> _Records for the exercise_:

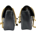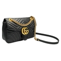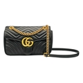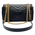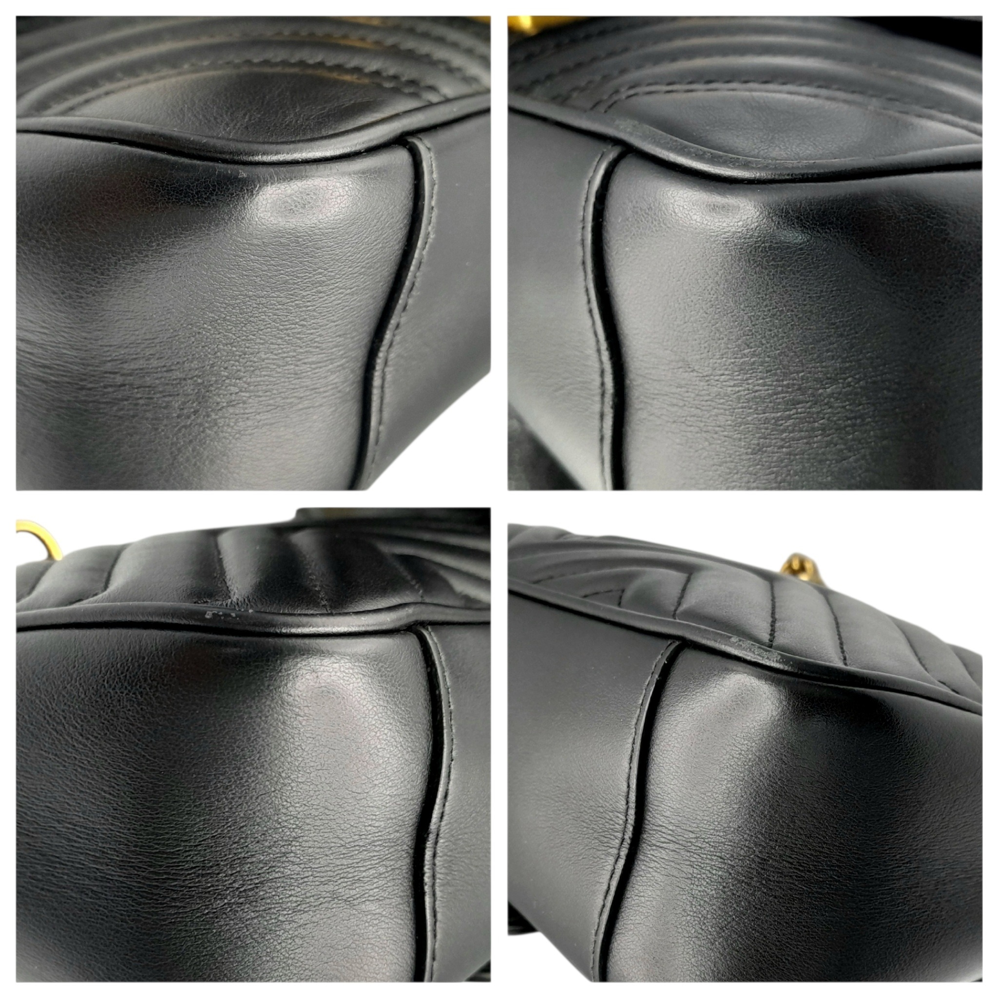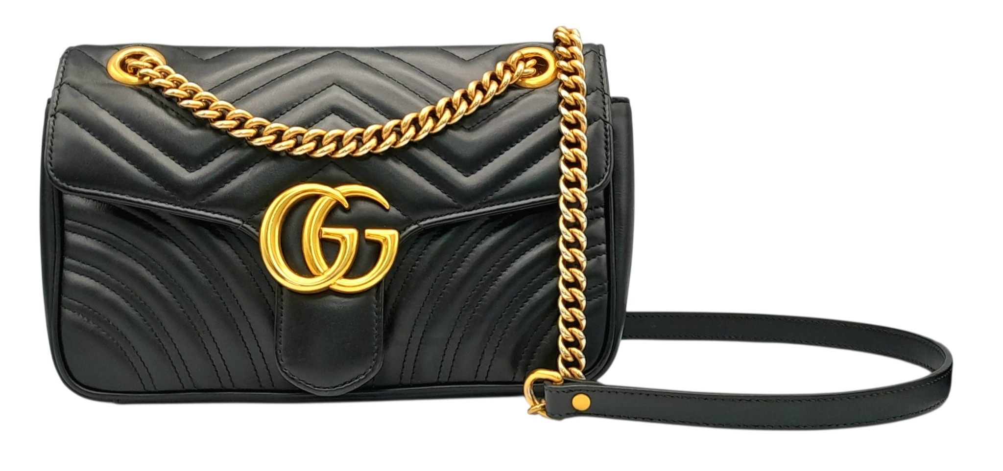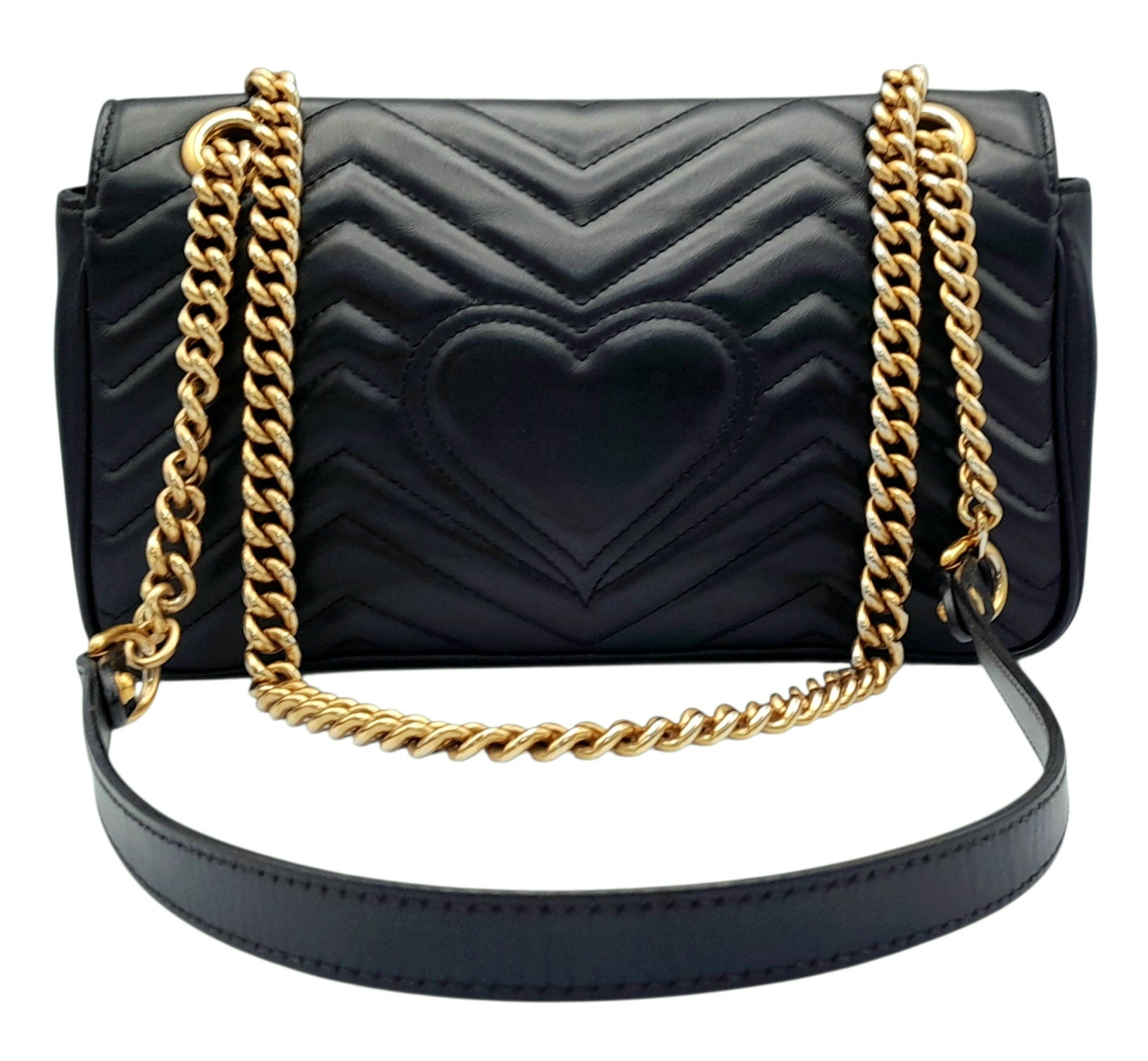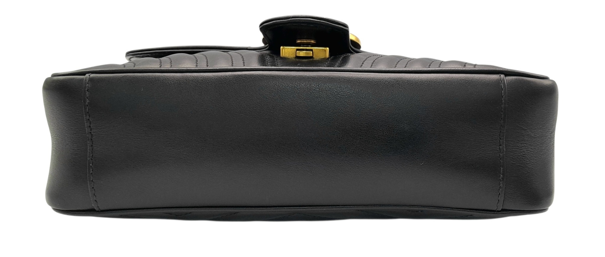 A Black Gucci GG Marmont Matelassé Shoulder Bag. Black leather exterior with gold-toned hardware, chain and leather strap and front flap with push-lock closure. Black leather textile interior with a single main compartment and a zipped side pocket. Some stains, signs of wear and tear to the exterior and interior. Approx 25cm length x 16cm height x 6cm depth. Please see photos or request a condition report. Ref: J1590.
---
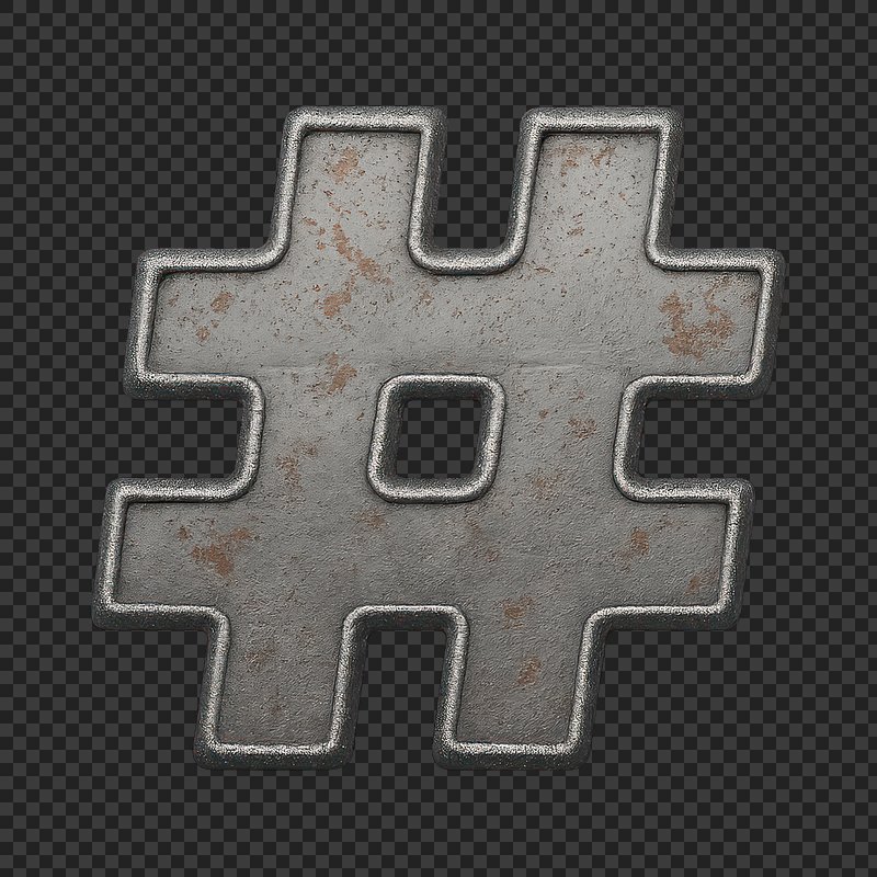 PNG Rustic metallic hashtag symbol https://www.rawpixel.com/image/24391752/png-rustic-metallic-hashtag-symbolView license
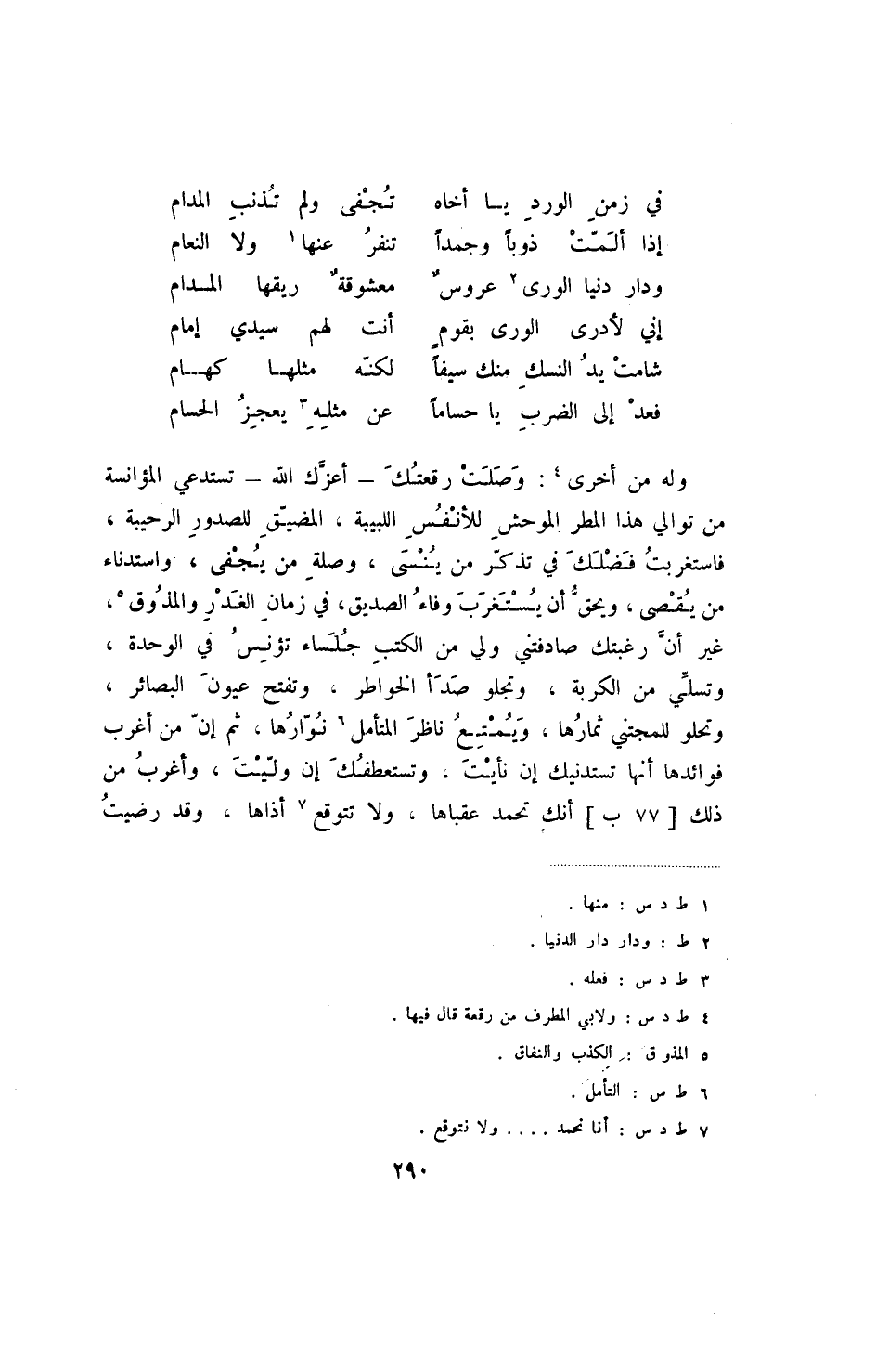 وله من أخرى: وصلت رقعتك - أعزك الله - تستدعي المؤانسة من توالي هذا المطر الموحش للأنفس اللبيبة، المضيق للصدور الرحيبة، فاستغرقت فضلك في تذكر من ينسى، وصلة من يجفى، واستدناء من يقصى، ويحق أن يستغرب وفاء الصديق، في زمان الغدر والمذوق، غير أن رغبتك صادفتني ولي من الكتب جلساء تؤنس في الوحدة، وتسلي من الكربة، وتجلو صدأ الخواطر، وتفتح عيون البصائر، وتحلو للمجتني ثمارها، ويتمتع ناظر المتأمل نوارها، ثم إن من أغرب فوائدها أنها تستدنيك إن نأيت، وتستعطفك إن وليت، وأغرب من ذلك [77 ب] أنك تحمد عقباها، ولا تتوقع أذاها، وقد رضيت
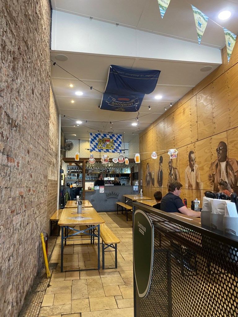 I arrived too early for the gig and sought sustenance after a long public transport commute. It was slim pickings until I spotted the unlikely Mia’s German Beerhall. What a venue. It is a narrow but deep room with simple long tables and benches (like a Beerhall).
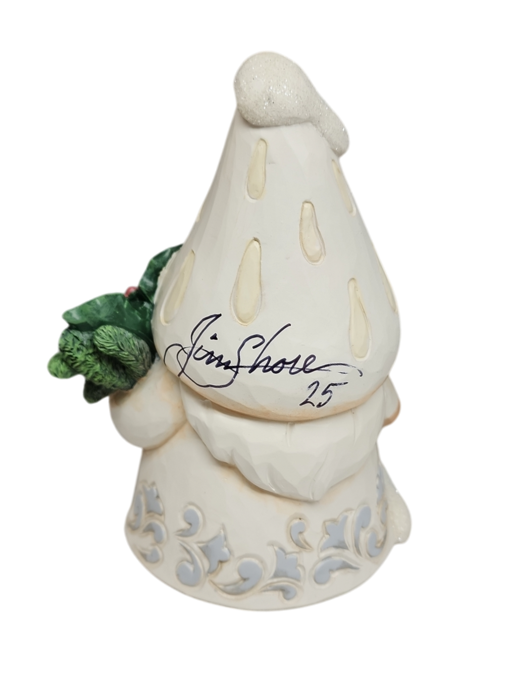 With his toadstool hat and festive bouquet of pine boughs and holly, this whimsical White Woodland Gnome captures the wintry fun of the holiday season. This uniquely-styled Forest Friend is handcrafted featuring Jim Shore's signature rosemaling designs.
* * *
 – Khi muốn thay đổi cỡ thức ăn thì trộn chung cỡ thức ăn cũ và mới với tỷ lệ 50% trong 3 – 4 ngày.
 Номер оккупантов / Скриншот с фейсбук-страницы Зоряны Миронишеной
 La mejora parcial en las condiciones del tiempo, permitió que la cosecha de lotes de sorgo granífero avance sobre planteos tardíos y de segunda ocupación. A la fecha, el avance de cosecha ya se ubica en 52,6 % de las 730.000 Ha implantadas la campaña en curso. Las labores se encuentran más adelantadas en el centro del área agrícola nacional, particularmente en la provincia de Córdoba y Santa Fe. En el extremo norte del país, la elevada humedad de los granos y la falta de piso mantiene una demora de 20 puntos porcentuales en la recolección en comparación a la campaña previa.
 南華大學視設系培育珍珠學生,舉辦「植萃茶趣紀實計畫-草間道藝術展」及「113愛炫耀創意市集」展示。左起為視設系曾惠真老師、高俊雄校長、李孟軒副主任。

> _Exercise instructions_: Starting with the line that has "PNG Rustic metallic" and ending with the line that has "وله من أخرى: وصلت", repeat the lines above exactly, omitting every picture.

> _Exercise answer_:
 PNG Rustic metallic hashtag symbol https://www.rawpixel.com/image/24391752/png-rustic-metallic-hashtag-symbolView license
 وله من أخرى: وصلت رقعتك - أعزك الله - تستدعي المؤانسة من توالي هذا المطر الموحش للأنفس اللبيبة، المضيق للصدور الرحيبة، فاستغرقت فضلك في تذكر من ينسى، وصلة من يجفى، واستدناء من يقصى، ويحق أن يستغرب وفاء الصديق، في زمان الغدر والمذوق، غير أن رغبتك صادفتني ولي من الكتب جلساء تؤنس في الوحدة، وتسلي من الكربة، وتجلو صدأ الخواطر، وتفتح عيون البصائر، وتحلو للمجتني ثمارها، ويتمتع ناظر المتأمل نوارها، ثم إن من أغرب فوائدها أنها تستدنيك إن نأيت، وتستعطفك إن وليت، وأغرب من ذلك [77 ب] أنك تحمد عقباها، ولا تتوقع أذاها، وقد رضيت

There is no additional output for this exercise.